# [RECORDS FOR PROCESSING]
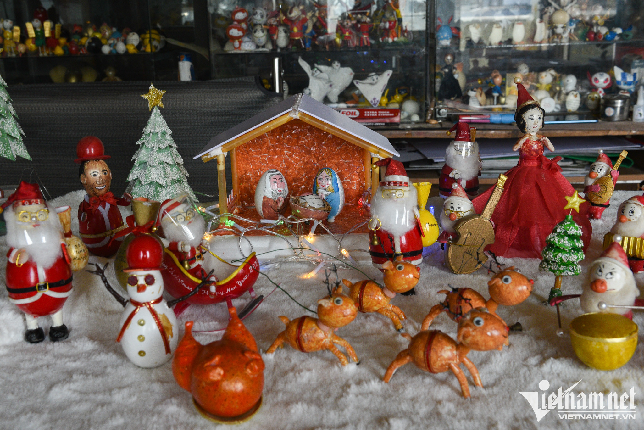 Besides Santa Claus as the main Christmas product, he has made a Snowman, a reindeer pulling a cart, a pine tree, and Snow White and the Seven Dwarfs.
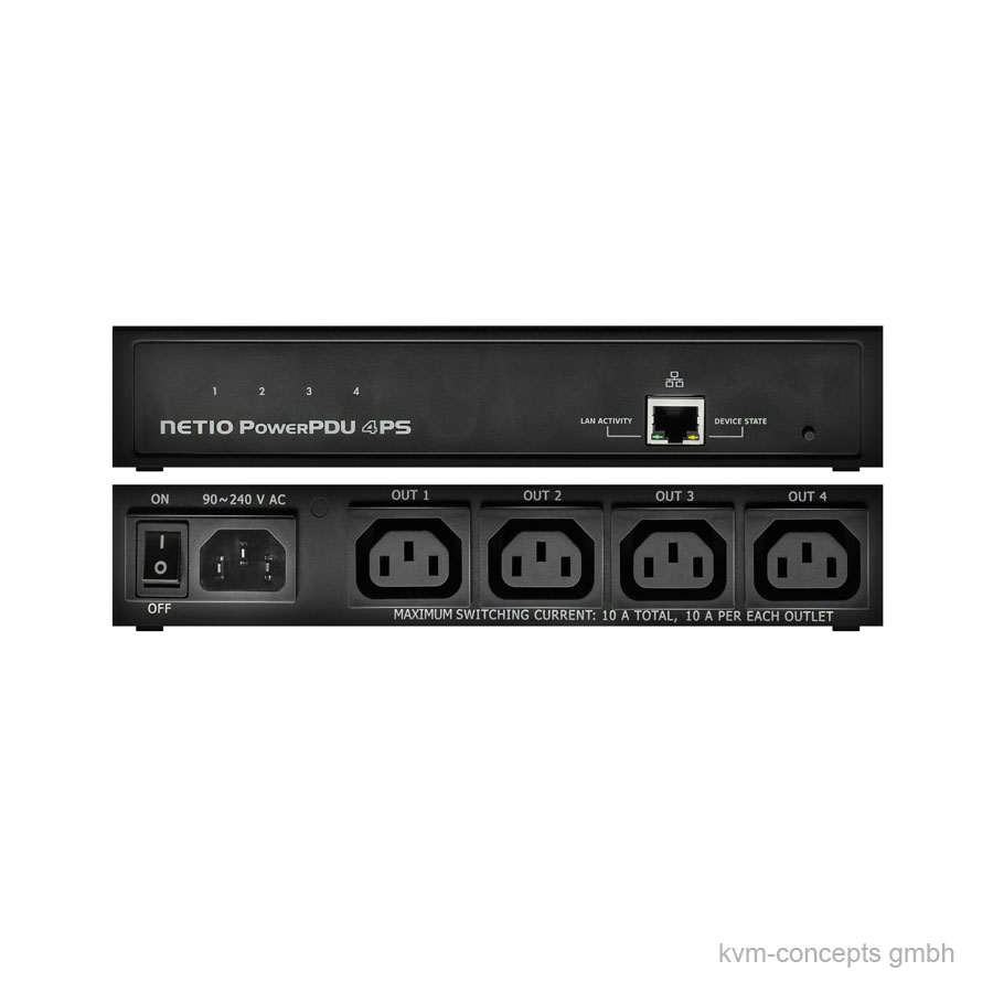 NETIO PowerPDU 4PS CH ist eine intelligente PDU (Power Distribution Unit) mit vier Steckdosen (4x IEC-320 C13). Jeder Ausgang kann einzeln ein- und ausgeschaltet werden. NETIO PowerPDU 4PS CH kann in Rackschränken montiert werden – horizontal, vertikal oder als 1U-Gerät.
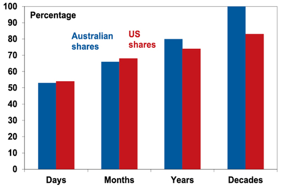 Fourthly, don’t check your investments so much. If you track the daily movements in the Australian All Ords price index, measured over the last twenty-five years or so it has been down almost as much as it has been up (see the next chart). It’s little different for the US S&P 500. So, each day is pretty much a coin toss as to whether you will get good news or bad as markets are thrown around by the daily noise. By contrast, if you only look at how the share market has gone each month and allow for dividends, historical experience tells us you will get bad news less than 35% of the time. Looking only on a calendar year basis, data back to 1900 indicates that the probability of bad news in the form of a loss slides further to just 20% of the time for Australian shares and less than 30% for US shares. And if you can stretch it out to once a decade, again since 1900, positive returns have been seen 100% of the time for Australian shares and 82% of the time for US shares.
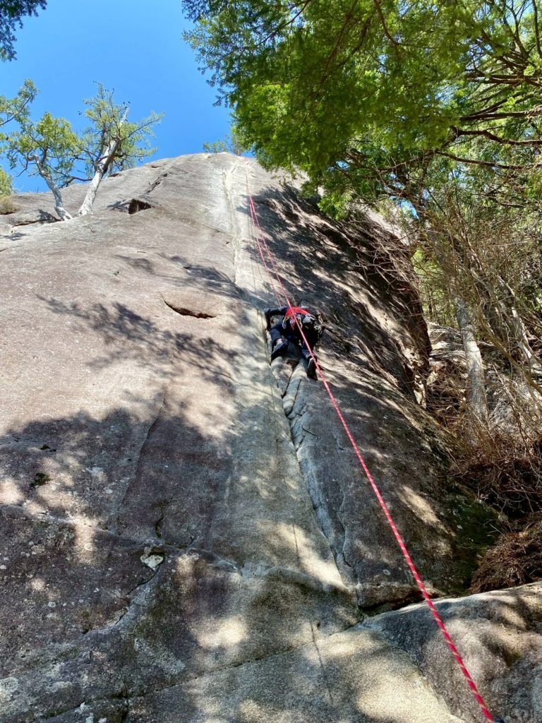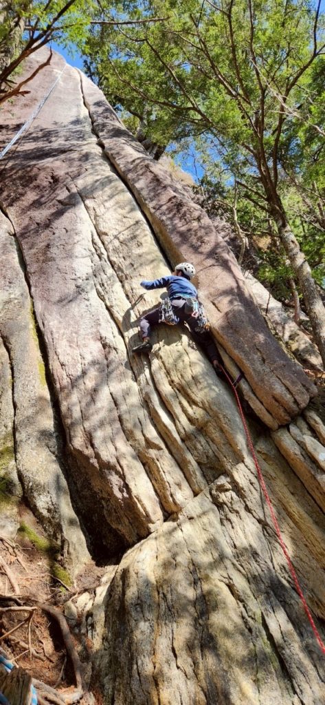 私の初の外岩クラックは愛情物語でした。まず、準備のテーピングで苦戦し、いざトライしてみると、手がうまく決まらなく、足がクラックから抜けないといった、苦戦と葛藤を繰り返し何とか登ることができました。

* * *

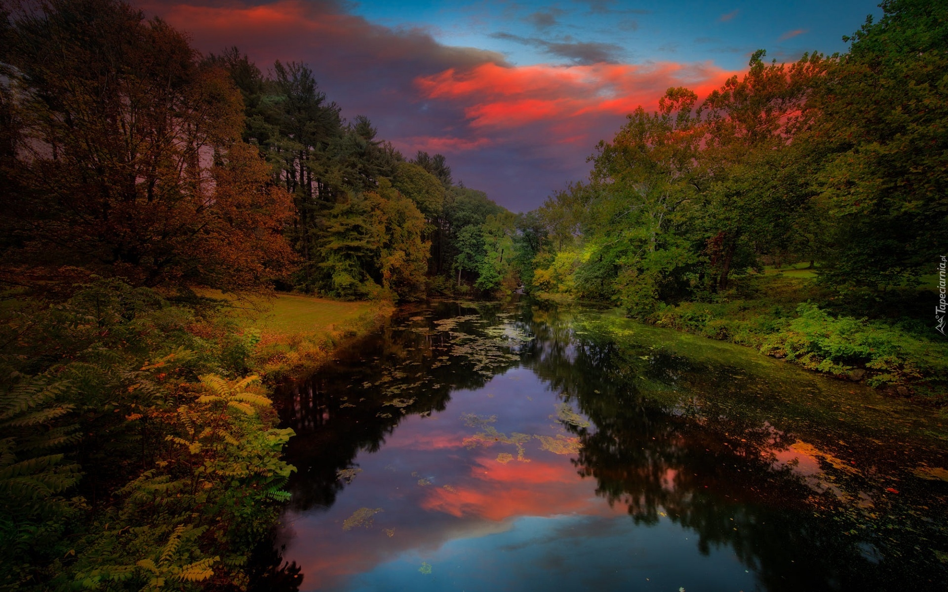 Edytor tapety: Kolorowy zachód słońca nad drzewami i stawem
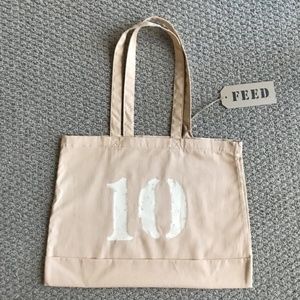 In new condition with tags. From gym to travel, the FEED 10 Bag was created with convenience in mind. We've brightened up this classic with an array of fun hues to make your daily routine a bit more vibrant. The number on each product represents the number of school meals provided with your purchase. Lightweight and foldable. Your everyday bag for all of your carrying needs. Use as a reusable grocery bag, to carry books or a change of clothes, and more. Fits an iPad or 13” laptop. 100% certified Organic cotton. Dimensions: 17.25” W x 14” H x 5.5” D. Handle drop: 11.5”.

# [TASK DESCRIPTION]
Make an exact copy of the lines above, beginning with the line with "Besides Santa Claus" and ending with the line with "NETIO PowerPDU 4PS CH ist", and keep the pictures out of it.

# [FINISHED EXERCISE]
 Besides Santa Claus as the main Christmas product, he has made a Snowman, a reindeer pulling a cart, a pine tree, and Snow White and the Seven Dwarfs.
 NETIO PowerPDU 4PS CH ist eine intelligente PDU (Power Distribution Unit) mit vier Steckdosen (4x IEC-320 C13). Jeder Ausgang kann einzeln ein- und ausgeschaltet werden. NETIO PowerPDU 4PS CH kann in Rackschränken montiert werden – horizontal, vertikal oder als 1U-Gerät.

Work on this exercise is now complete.